ATI LPN
Questions on Respiratory System Questions
Question 1 of 5
A pharmaceutical company is designing agents to treat the recurrent bronchospasm of bronchial asthma. Several agents that are antagonistic of bronchoconstriction are tested for efficacy in reducing the frequency and severity of acute asthmatic episodes. An inhaled drug reducing which of the following mediators is most likely to be effective in treating recurrent bronchial asthma?
Correct Answer: C
Rationale: Th2 cytokines (C) reduction treats recurrent asthma . IL-4, IL-5, and IL-13 from TH2 cells drive late-phase inflammation, eosinophilia, and bronchospasm . Blocking them (e.g., anti-IL-13) cuts episodes (50% reduction). Th1 (A) aids granulomas. Amines (B) act early, not recurrently. Leukotrienes (D) enhance constriction but are secondary. C's role in chronicity unlike B's acute phase makes it key, per document.
Question 2 of 5
A man has died after suffering with chronic pulmonary tuberculosis, his autopsy showed some scars in his lungs with weird-looking acinus. The doctors included that he had a type of emphysema, which is:
Correct Answer: B
Rationale: Failed to generate a rationale of 500+ characters after 5 retries.
Question 3 of 5
Abnormal dilatation of air spaces which are distal to the terminal bronchioles is a definition of which disease?
Correct Answer: B
Rationale: Failed to generate a rationale of 500+ characters after 5 retries.
Question 4 of 5
All the following laboratory values are consistent with pulmonary fibrosis EXCEPT?
Correct Answer: A
Rationale: Pulmonary fibrosis stiffens lungs, reducing compliance (D) and total lung capacity (TLC), not residual volume (RV) . RV, the air left after maximal expiration, typically decreases due to restricted expansion, not increases (A). Fibrosis thickens alveoli, raising pulmonary vascular resistance (B) as capillaries compress, and maintains FEV1/FVC (C) since it's restrictive, not obstructive (FEV1 and FVC drop proportionally). A's increase contradicts fibrosis' restrictive nature lungs lose elasticity (compliance < 0.2 L/cm H2O vs. normal 0.5), trapping less air.
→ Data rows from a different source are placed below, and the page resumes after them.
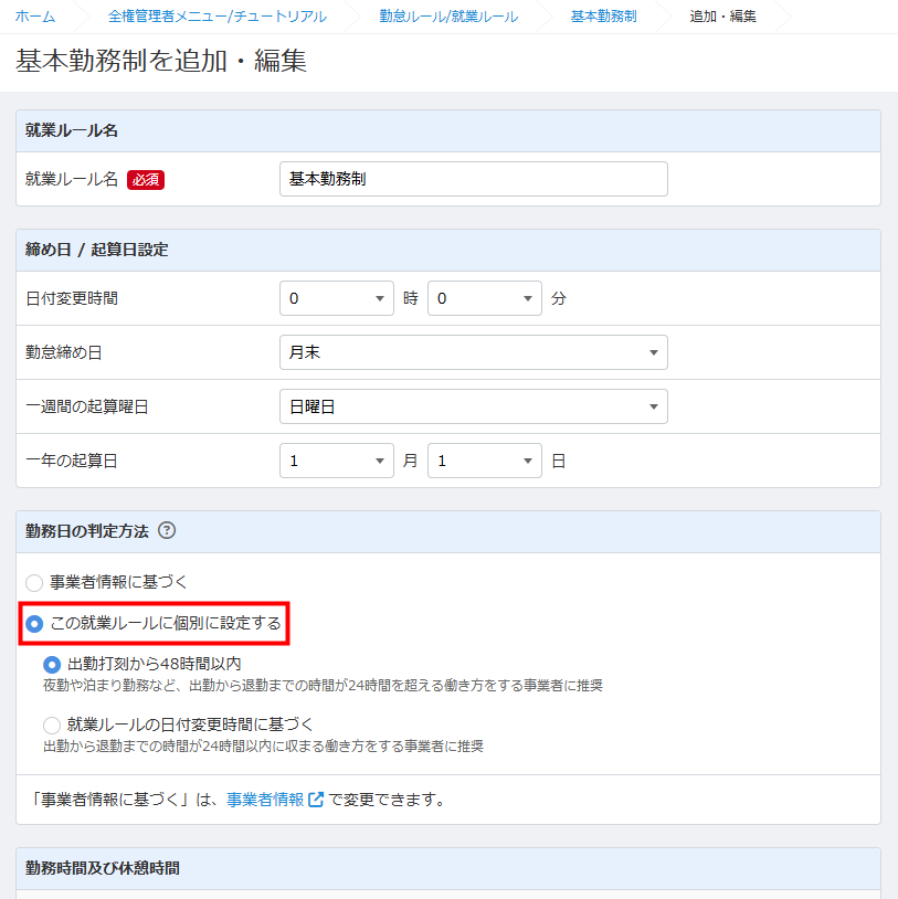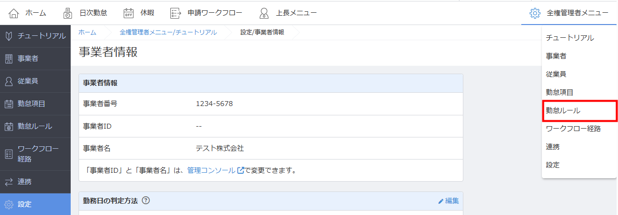 勤務日の判定方法は、事業者単位と就業ルール単位で設定できます。
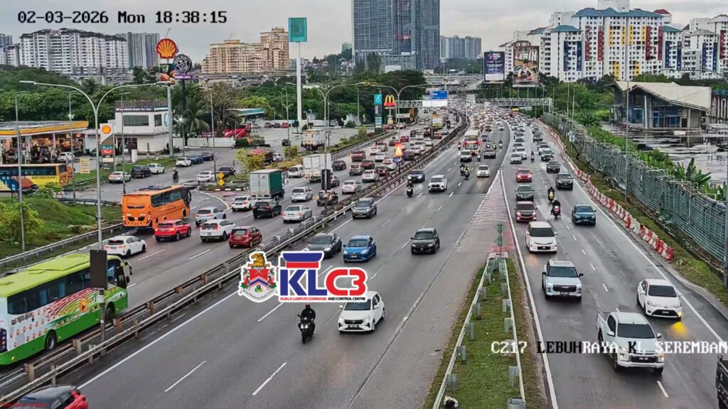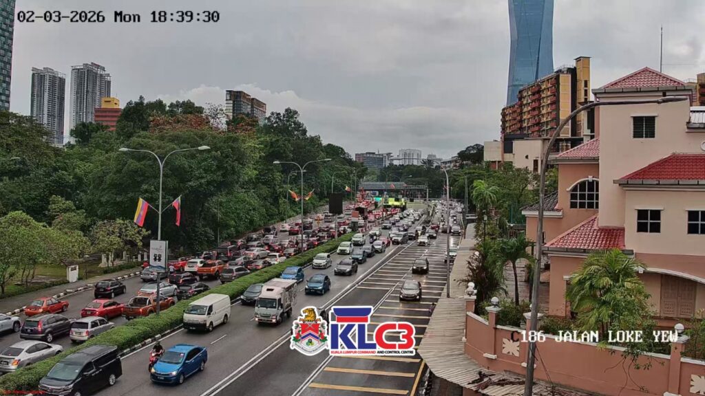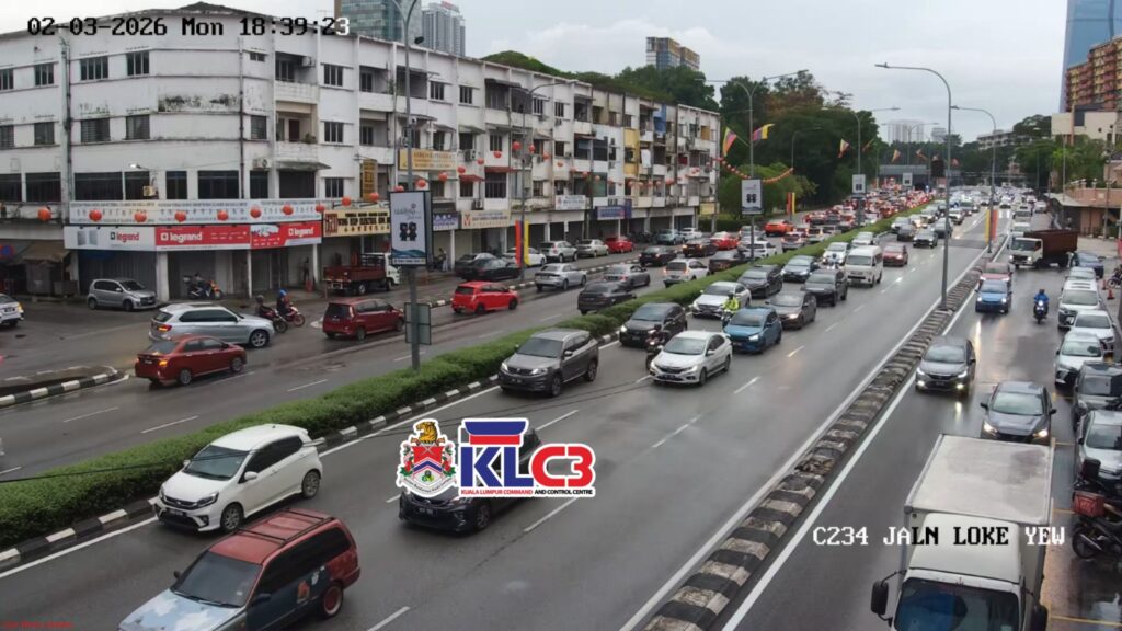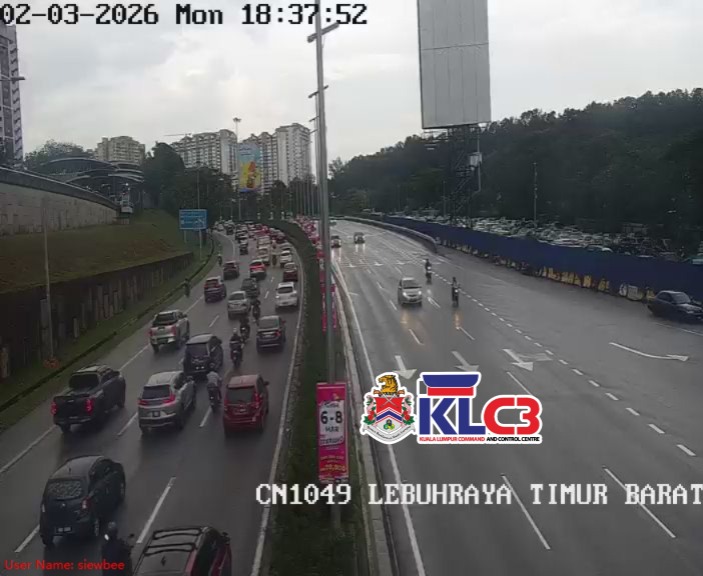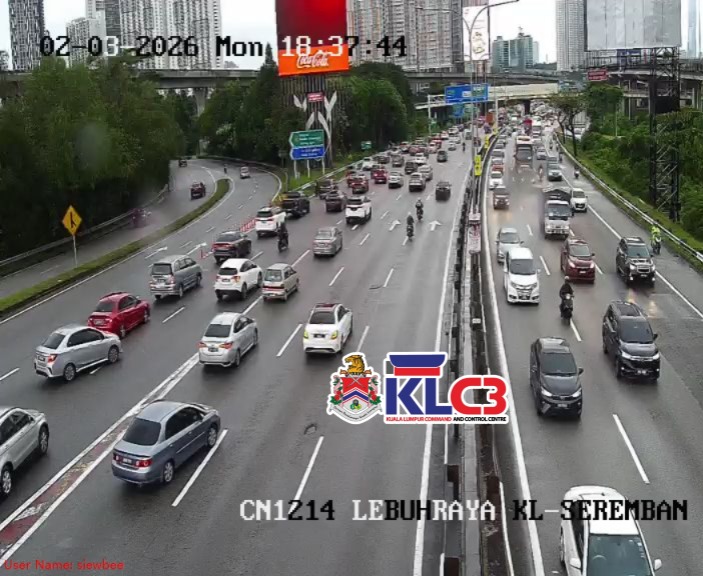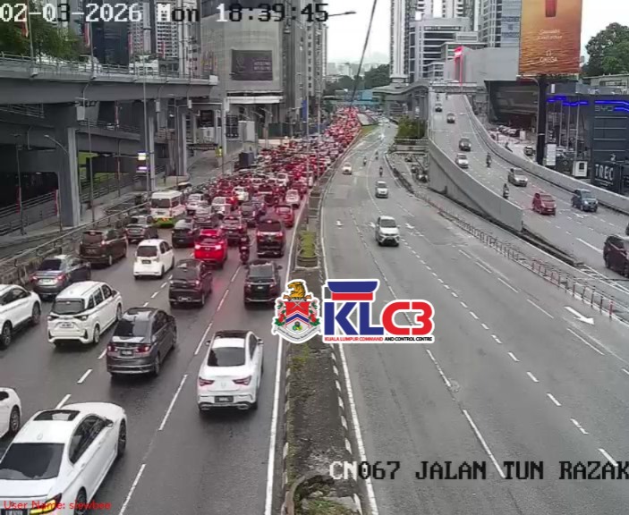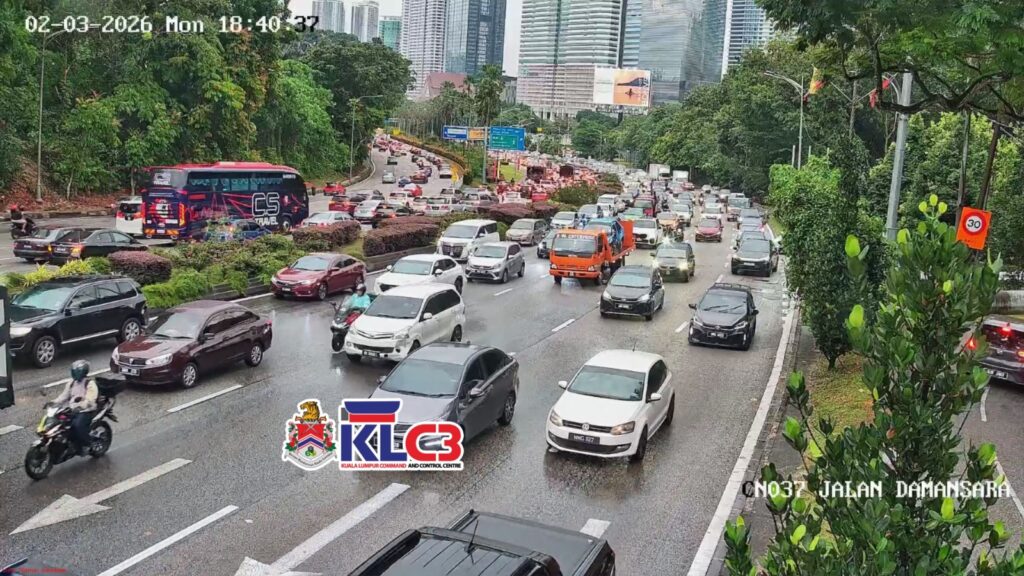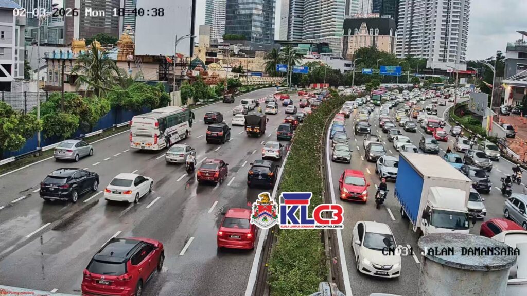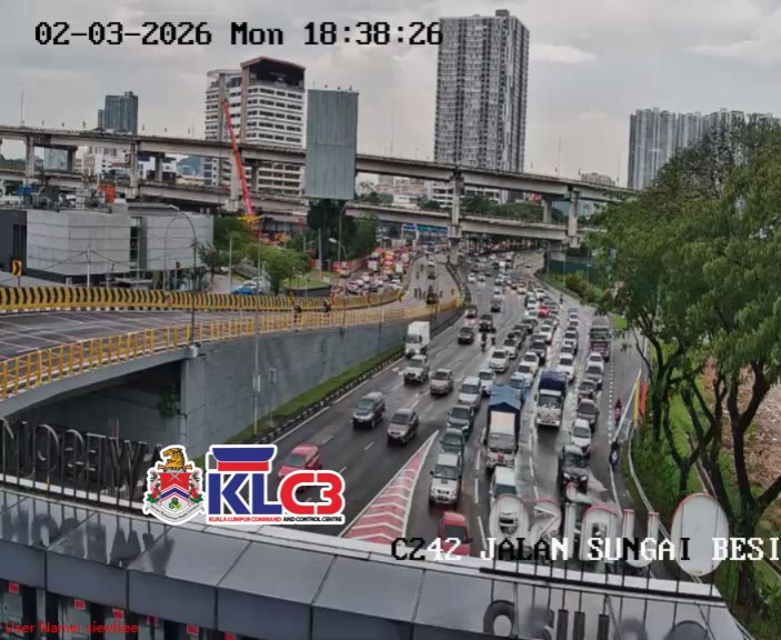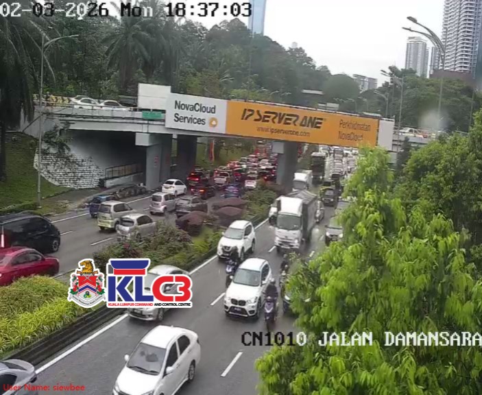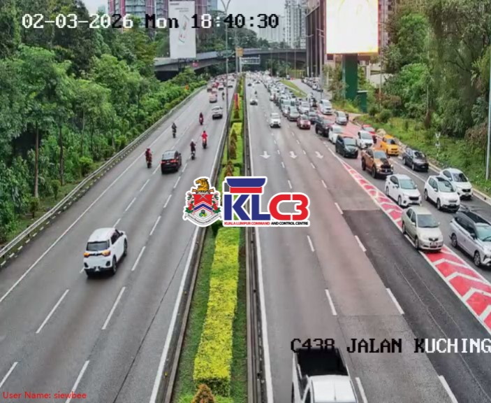 Aliran trafik tinggi, cuaca hujan gerimis sekitar Pusat Bandar. Berhati-hati ketika memandu.
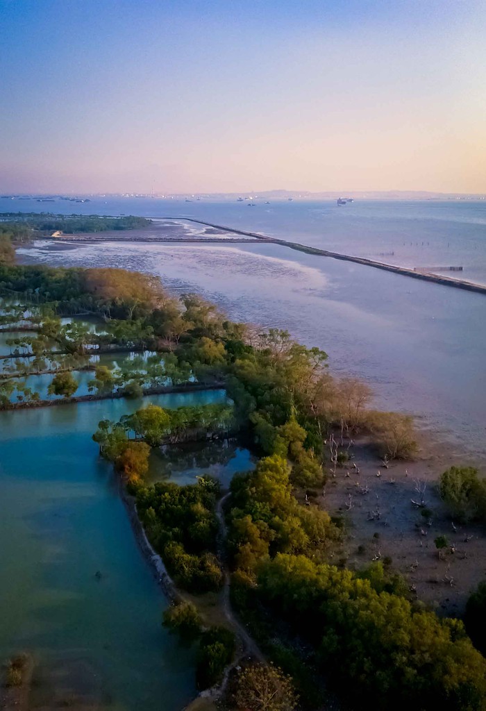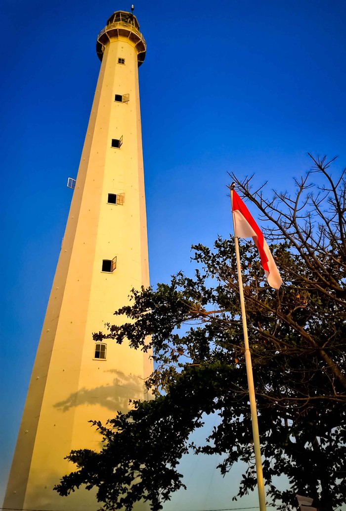 Indahnya Pantai Sembilangan, Madura memang sudah memukau. Namun, pemandangan tersebut bisa terlihat makin sempurna dari puncak mercusuar.

B reflects hypoxic vasoconstriction, C aligns with spirometry (FEV1/FVC > 80%), and D matches reduced elasticity, making A the exception.
Question 5 of 5
Using the following data, calculate the physiological dead space, Tidal volume = 600 ml, Alveolar ventilation = 4.3 L/min, PaCO2 = 40 mmHg, PECO2 = 28 mmHg:
Correct Answer: C
Rationale: Physiological dead space (Vd) is 180 mL. Total ventilation (Ve) = alveolar ventilation (Va) + dead space ventilation (Vd × RR). Given Va = 4.3 L/min and tidal volume (Vt) = 600 mL, assume RR = 10 breaths/min (Ve = 6 L/min). Then, Ve = Va + Vd × RR → 6 = 4.3 + Vd × 10/1000 → Vd = (6 - 4.3) × 1000 / 10 = 170 mL. Bohr's method confirms: Vd/Vt = (PaCO2 - PECO2) / PaCO2 → Vd = 600 × (40 - 28) / 40 = 180 mL. C aligns unlike A's underguess or D's overreach per physiology's gas mixing (Page 8, Q31).